Model Identification

This is a demonstration of subtractive clustering and how it can be used with multi-dimensional data.

Copyright 1994-2002 The MathWorks, Inc. $Revision: 1.12 $

This is a plot of the input data for a model identification problem. We are interested in estimating the number of auto trips generated from an area based on the area's demographics. Five factors were considered: population, number of houses, vehicle ownership, income, and employment.

tripdata
plot(datin)

Using the GENFIS2 function (which is based on the subtractive clustering algorithm in the SUBCLUST function), we generate a fuzzy inference system that calculates the output based on the five inputs.
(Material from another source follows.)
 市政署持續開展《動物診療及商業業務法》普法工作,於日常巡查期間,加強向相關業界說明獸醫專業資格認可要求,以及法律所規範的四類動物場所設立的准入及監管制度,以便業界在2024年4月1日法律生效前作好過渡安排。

a=genfis2(datin,datout,0.45);
plotfis(a);

The upper plot displays 75 data points for the five input variables. The lower plot displays the corresponding outputs and the outputs predicted by the fuzzy model.

subplot(1,1,1)
fuzout=evalfis(datin,a);
subplot(2,1,1)
plot(datin)
subplot(2,1,2)
plot([datout fuzout])
Warning: Implication method should be "prod" for Sugeno systems.
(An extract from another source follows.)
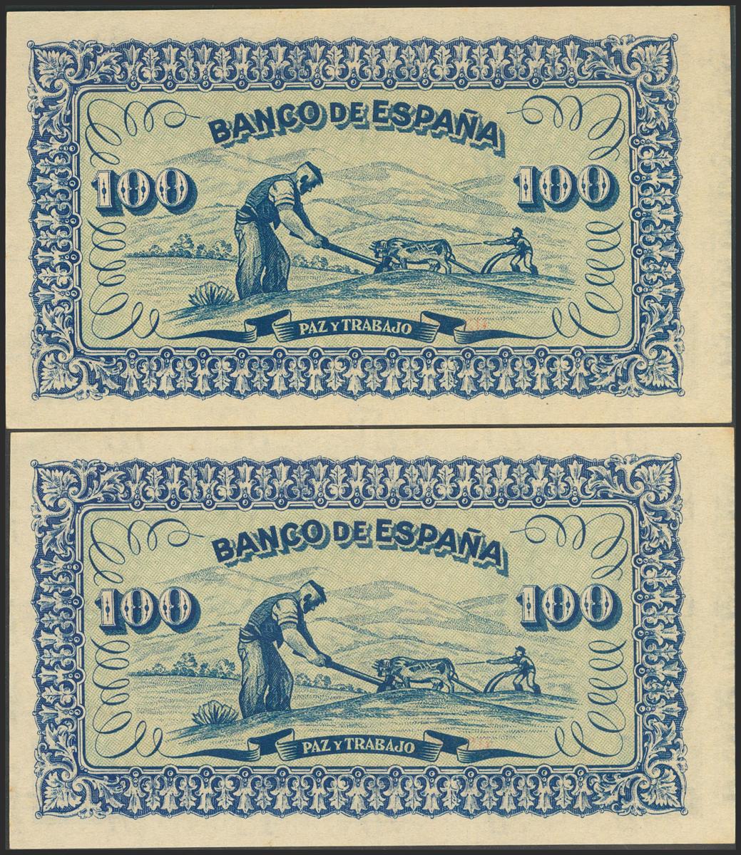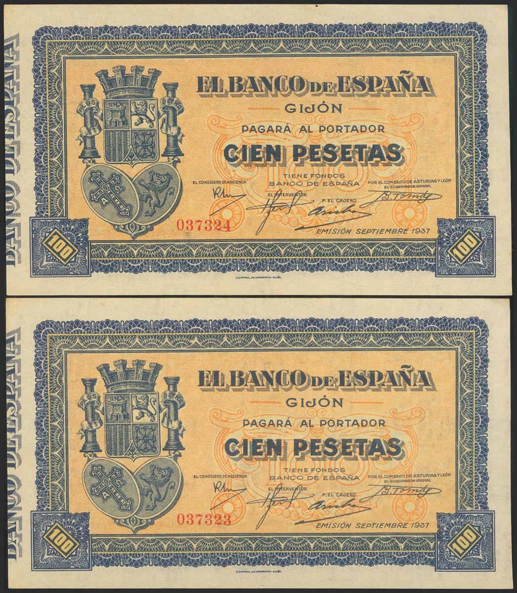 100 pesetas. September 1937. Correlative couple. Gijón branch. No serie. (Edifil 2021: 399). Original sizing. Almost Uncirculated.
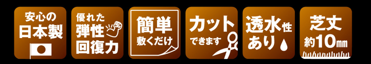 ●芝丈10mmのショートパイルで、へたりにくく型崩れしにくい仕様です。

Here is a plot of the actual output values (X axis) versus the predicted output values (Y axis). If the prediction were a perfect one, the data points would lie right along the diagonal line X = Y.

subplot(1,1,1)
plot(datout,fuzout,'bx',[0 10],[0 10],'r:')
xlabel('Actual Value')
ylabel('Predicted Value')
axis square

We set aside 25 of the original 100 data points as checking data. Since we did not use this data to create our model, it is a useful measure of how good our model is.

chkfuzout=evalfis(chkdatin,a);
plot(chkdatout,chkfuzout,'bx',[0 10],[0 10],'r:')
axis square
xlabel('Actual Value')
ylabel('Predicted Value')
Warning: Implication method should be "prod" for Sugeno systems.
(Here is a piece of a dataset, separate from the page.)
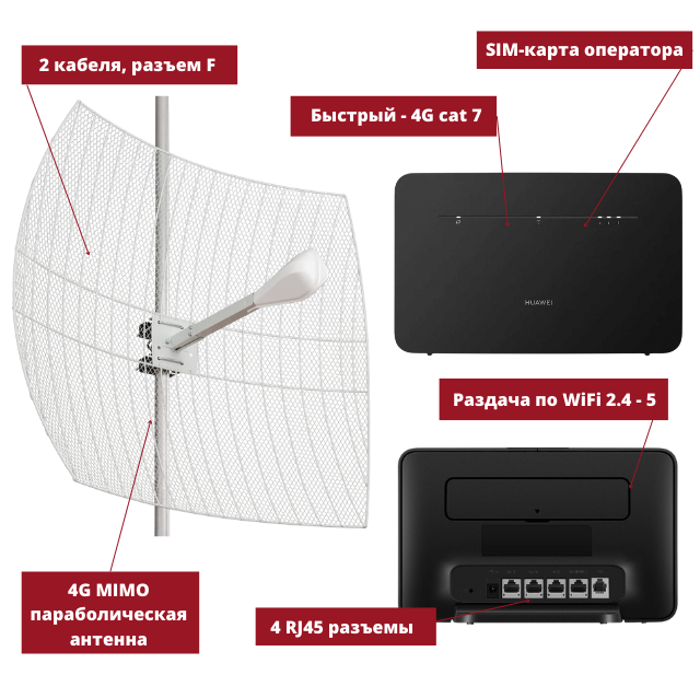 Универсаный комплект с усиливающей антенной и роутером 4G - это лучшиий вариант для стабильной работы беспроводного интернета за городом и раздачей мощной сети wi-fi для всех устройств.

Clustering can be a very effective technique for dealing with large sets of data: the principal idea is to distill natural groupings of data from a large data set thereby allowing concise representation of a model's behavior. This demo has shown how accurate predictions can be made despite the multi-dimensional nature of the problem. With the results of this clustering experiment in hand, we could now potentially go on to use other techniques, such as ANFIS.